Posted on March 23, 2010 at 4:19 pm

This week’s announcement that Chris Evans (“The Fantastic Four”) will star in a new “Captain America” movie makes this the right moment to think about the history and meaning of the character. Never as iconic and popular as Superman or Batman, Captain America’s status has risen and fallen according to the political sentiments of the era. Unsurprisingly, he first appeared at a time of the most vibrant patriotism, the beginning of WWII. The character was Steve Rogers, a sickly young man who was given an experimental Super-Soldier Serum and “Vita-Ray” treatment that made him very strong and healthy in order to aid the United States war effort. His costume was inspired by the American flag. He has no superpowers but he carries a red, white, and blue indestructible shield. Captain America was often portrayed as fighting for the Allies and he was Marvel’s most popular hero during the war. captain america silver age.jpg
But his popularity waned in the Cold War era. His explicit Americanism did not fit either the complacence and materialism of the 1950’s or the Cold War concerns. He disappeared from comics until 1964. Interestingly, a character who appeared to be Captain America was featured in a comic book story starring the Fantastic Four’s Johnny Storm (also played by Evans on screen). But that character turned out to be a villain in disguise.

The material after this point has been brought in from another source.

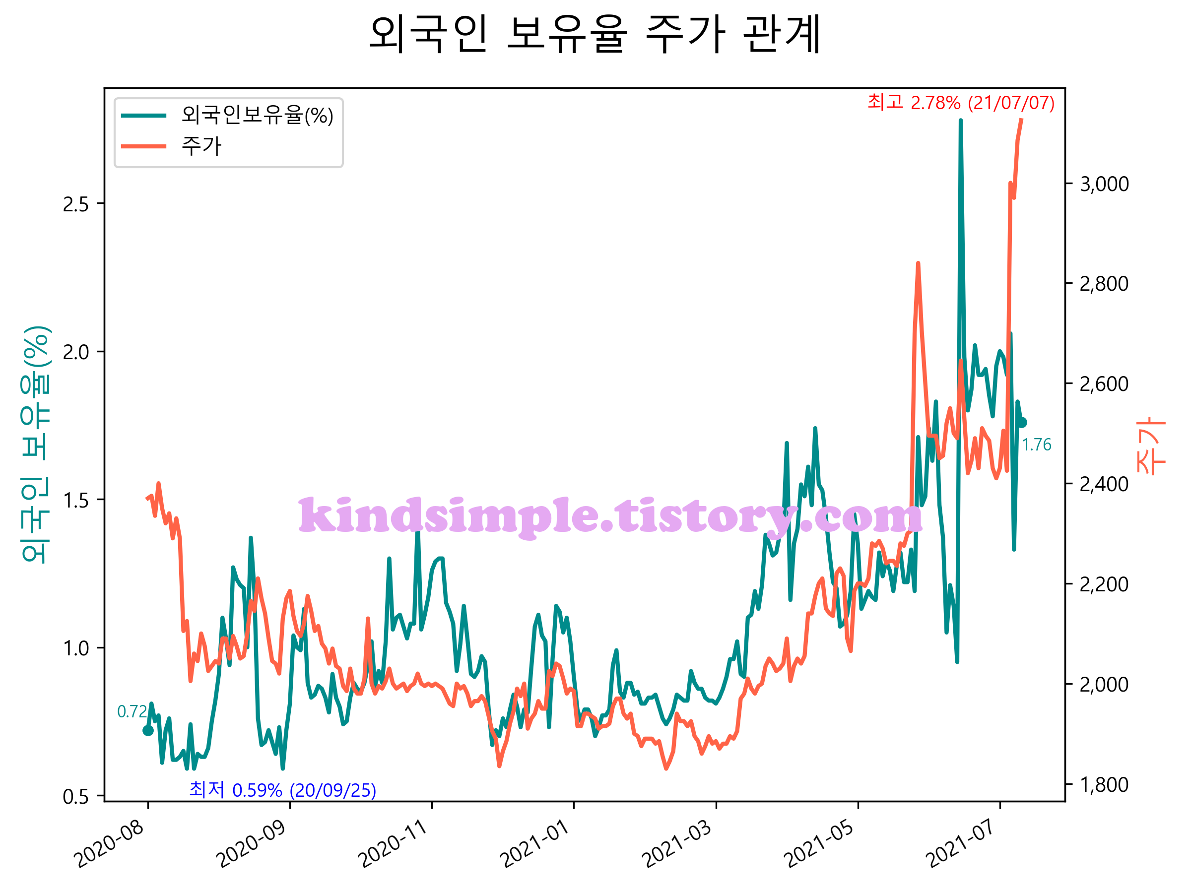 최근 1년간 외국인 보유율 및 주가와의 관계입니다.

The unabashed pro-Americanism of the character did not fit well with the turbulence of the 1960’s and Captain America himself became so disillusioned with the government following Watergate that he took on another persona for a while. In another episode he led a protest against government oppression of superheroes that was a commentary on infringement of civil rights. The character has had many different iterations and the Steve Rogers alter ego has died and been brought back and been in suspended animation and been brought back as the Captain America identity has shifted as well for a while being taken over by Roger’s one-time sidekick. There is also a black Captain America named Isaiah Bradley, whose origin was explicitly inspired by the real-life Tuskegee experiments. He was injected with the serum before Rogers.
Chris Evans was one of the best things about the uneven “Fantastic Four” movies and I look forward to seeing where he takes this character.